In the oh-so genteel chamber that is the United States Senate, this is about as close as you'll ever come to a bitch-slap. And all it is is the truth without sugar-coating. From "death panels" to "government takeover" to "socialist nightmare," Republicans have been remarkably unserious in their approach to healthcare reform. In fact, "childish" is the word that comes to my mind; the teabaggers and town hall mobs aren't about actually policy. If they were, then they'd have some sort of basis in fact -- unless all those people are quadrennial millionaires, no one's raising their taxes. The teabaggers and the town hall mobs and the birthers are about having a national right wing tantrum and holding your breath until you turn blue, because there's a Democrat in the White House. You can't have a fact-free debate. It just can't be done and it's an abuse of language to call the right's reaction to Democratic policies "debate." It's the foot-stomping, fist-waving, shrieking fit of a two-year-old refusing to eat her broccoli. As Reid describes it:
[T]he attacks on the health care bill are part of a broader pattern. As has been well documented, your caucus conspicuously shattered the record for obstruction last Congress by demanding gratuitous procedural votes on even the most non-controversial matters, and by stalling the work of the Senate despite the urgency of the serious problems facing our country. Senate Republicans are on pace to again break their own record this Congress, illustrated by Sen. Bunning’s effort to prevent the Senate from acting to extend families’ unemployment and health benefits even after those benefits had expired.

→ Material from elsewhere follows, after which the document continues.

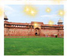
Ajmer Sharif Dargah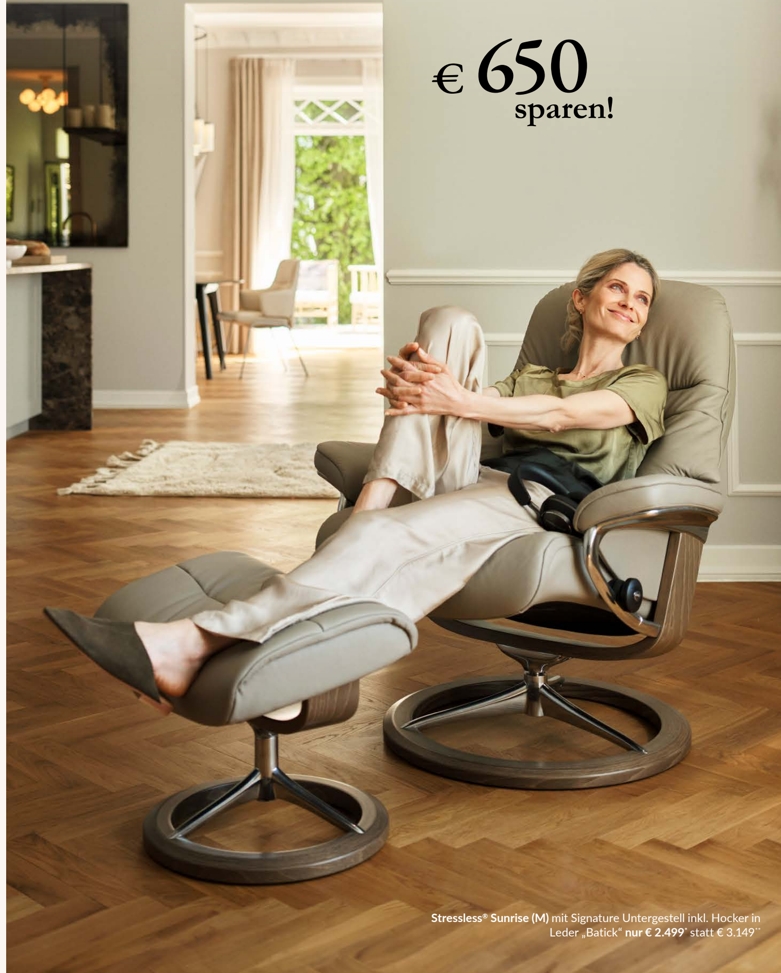
Stressless® Sunrise (M) mit Signature Untergestell inkl. Hocker in Leder „Batick“ nur € 2.499* statt € 3.149**

While Republicans were distorting the facts in the health care debate and inflicting delay after needless delay, millions of Americans have continued to suffer as they struggle to afford to stay healthy, stay out of bankruptcy and stay in their homes. Thousands of Americans lose their health care every day, and tens of thousands of the uninsured have lost their lives since this debate began. Meanwhile, rising health costs have contributed to a rising federal budget deficit.
So, Reid informs McConnell, reconciliation it is. For the GOP, "bipartisan" obviously means "strictly Republican policies that Democrats vote for."
"I know that many Republicans have expressed concerns with our use of the existing Senate rules, but their argument is unjustified," Reid wrote. "There is nothing unusual or extraordinary about the use of reconciliation." It seems that, if you take a gander at the Constitution, you won't find the word "filibuster." What it does say is "The Vice President of the United States shall be President of the Senate, but shall have no Vote, unless they be equally divided." If sixty votes are needed to pass anything, why would the VP have to break ties? Despite Republican claims to the contrary, the framers of the Constitution clearly envisioned majority rule in the Senate. To argue anything else is to lie. This isn't some arcane parliamentary trick, some weird loophole that's being exploited, this is democracy. If you find the idea of majority rule disturbing, you might look into finding some other place to live, because this country is just lousy with it.
So take your bawling fit someplace else. In a democracy, there are winners and there are losers. You can't always win. And, when you lose, it isn't some catastrophe -- the nation isn't being destroyed -- it's just voting. If Democrats have the votes to pass this, then they will -- and they'll do it legally, ethically, and in a way that the founders intended.
All the crying and stomping of feet in the world won't change that.